* **DATA FOR PROCESSING**
**********

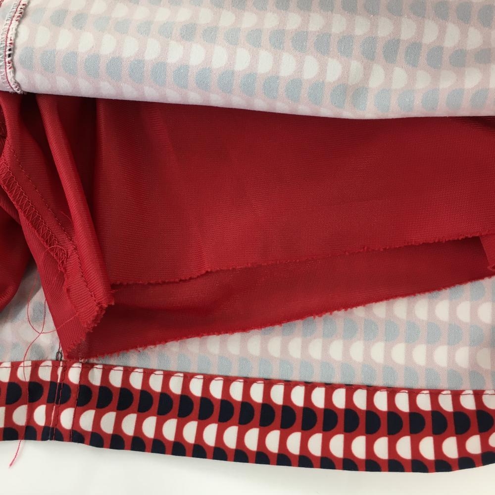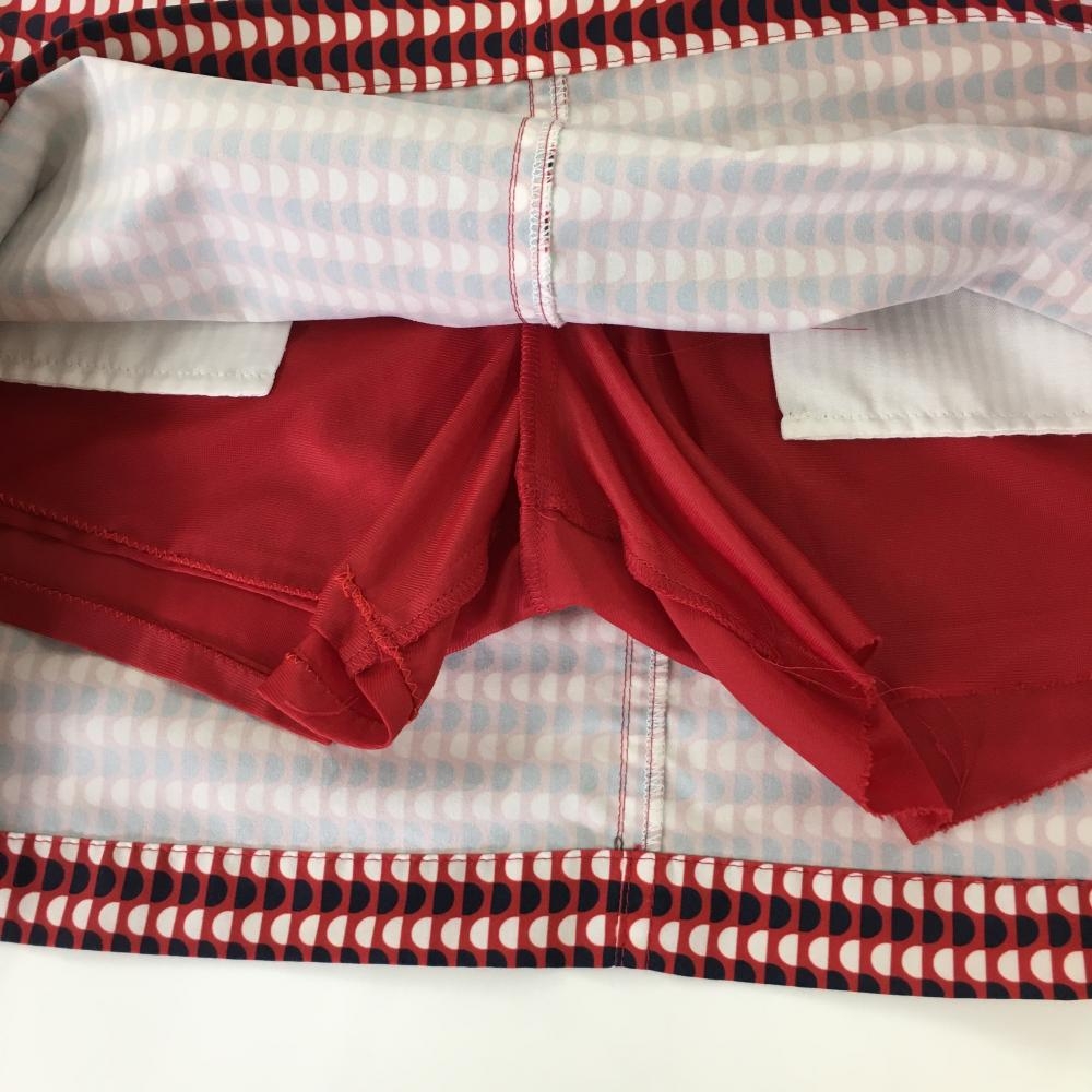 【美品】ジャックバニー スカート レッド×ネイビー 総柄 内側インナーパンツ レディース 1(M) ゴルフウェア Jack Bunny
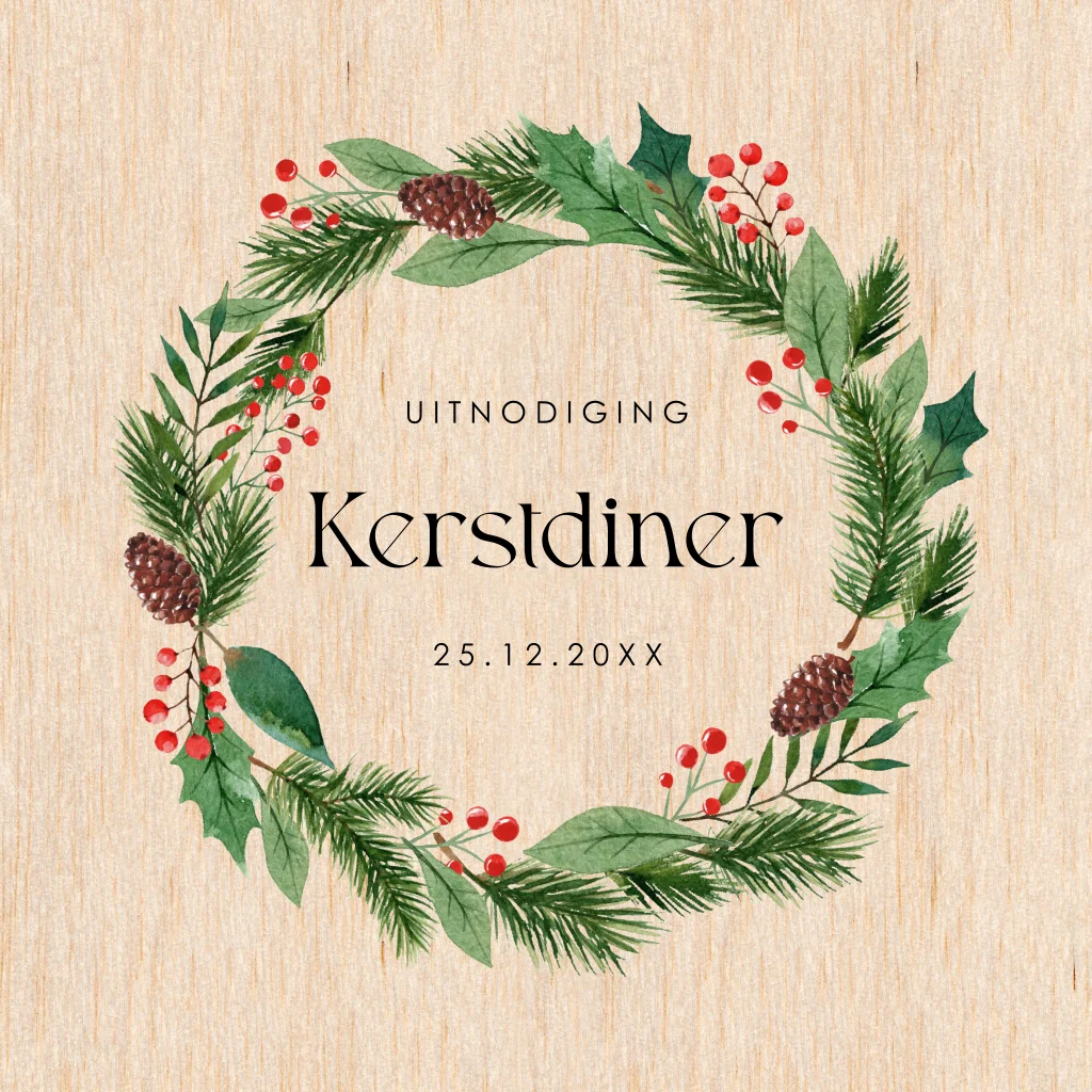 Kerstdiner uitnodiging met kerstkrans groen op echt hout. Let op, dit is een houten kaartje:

**********

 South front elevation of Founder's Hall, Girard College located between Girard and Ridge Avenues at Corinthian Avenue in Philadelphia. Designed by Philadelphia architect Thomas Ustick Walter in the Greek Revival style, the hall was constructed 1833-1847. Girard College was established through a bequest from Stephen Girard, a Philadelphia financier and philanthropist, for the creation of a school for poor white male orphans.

**********

To complete this exercise, transcribe exactly the lines above from the one that holds "ゴルフウェア Jack Bunny" through the one that holds "Kerstdiner uitnodiging met". Pictures stay out.

* **OUTPUT OF THE EXERCISE**
 【美品】ジャックバニー スカート レッド×ネイビー 総柄 内側インナーパンツ レディース 1(M) ゴルフウェア Jack Bunny
 Kerstdiner uitnodiging met kerstkrans groen op echt hout. Let op, dit is een houten kaartje:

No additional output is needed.